Answer:
Explanation:Pentanoic acid (C4H8O2) is a weak acid that dissociates in water according to the following equilibrium reaction:
C4H8O2 (aq) + H2O (l) ⇌ C4H7O2- (aq) + H3O+ (aq)
The acid dissociation constant (Ka) is defined by the following equation:
Ka = [C4H7O2-][H3O+] / [C4H8O2]
We are given the pH of the solution, which allows us to calculate the concentration of H3O+:
pH = -log[H3O+]
2.51 = -log[H3O+]
[H3O+] = 10^(-2.51) = 3.548 × 10^(-3) M
We are also given the initial concentration of pentanoic acid, which is 0.67 M. At equilibrium, the concentration of pentanoic acid that has dissociated will be equal to the concentration of C4H7O2-, so we can assume that [C4H7O2-] = x and [C4H8O2] = (0.67 - x).
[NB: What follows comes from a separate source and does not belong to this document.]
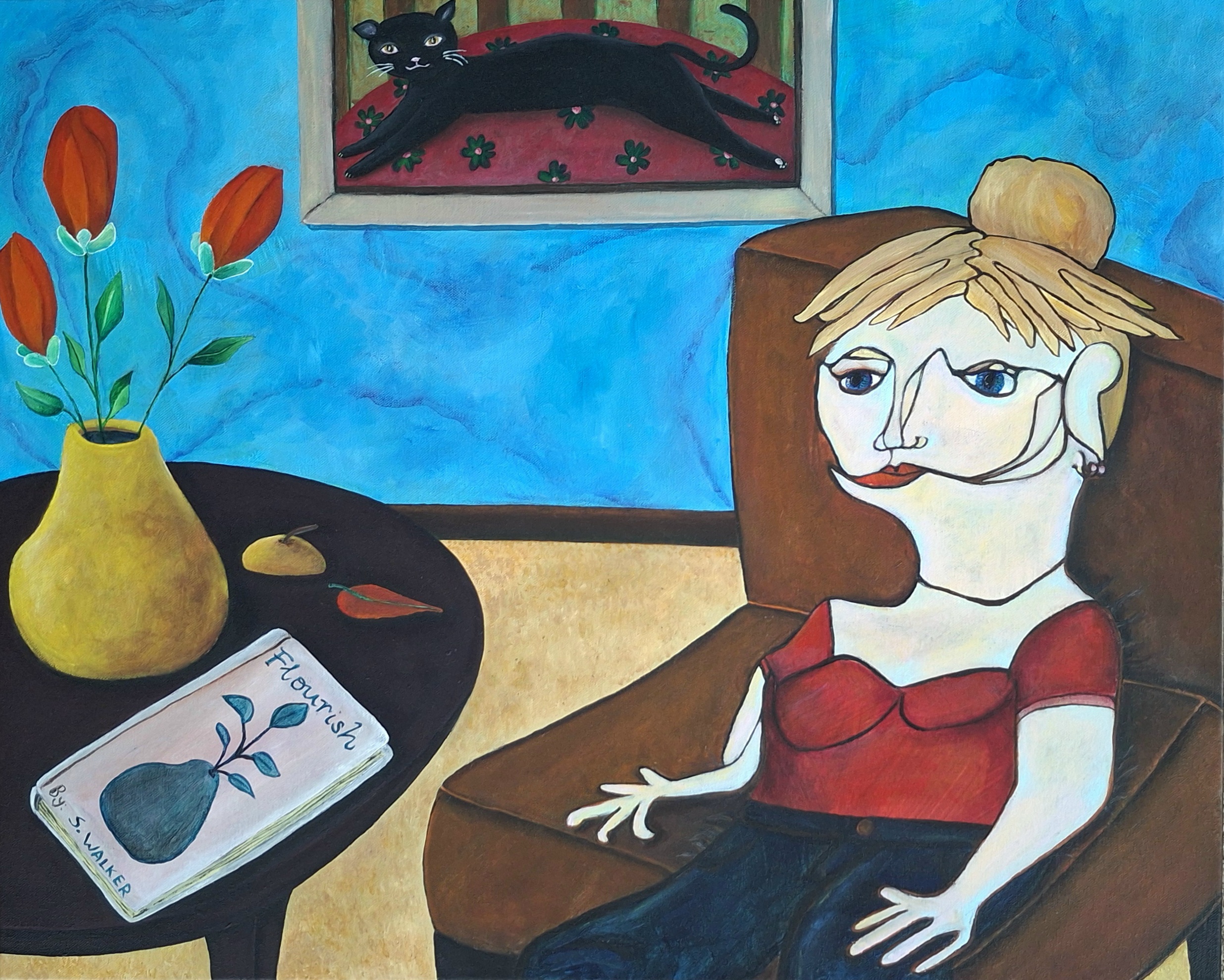 The figure is resigned to the wait but not pessimistic. The set of the jaw, the slouched posture capture the tension of the wait, but the eyes are bright and colours vibrant to symbolise the hope for this season to pass. The flowers are in bud but yet to open, and the kitten watches on with detached amusement at the silly human because what are these things to a cat.

Substituting these values into the Ka equation, we get:
Ka = (x)(3.548 × 10^(-3)) / (0.67 - x)
At equilibrium, the concentration of pentanoic acid that has dissociated (x) can be calculated using the following equation:
pH = pKa + log([C4H7O2-] / [C4H8O2])
Substituting the given values, we get:
2.51 = pKa + log(x / (0.67 - x))
Solving for x, we get:
x = 0.141 M
Substituting this value back into the Ka equation, we get:
Ka = (0.141)(3.548 × 10^(-3)) / (0.67 - 0.141) = 9.2 × 10^(-5)
Therefore, the acid dissociation constant (Ka) of pentanoic acid is 9.2 × 10^(-5), rounded to 2 significant figures.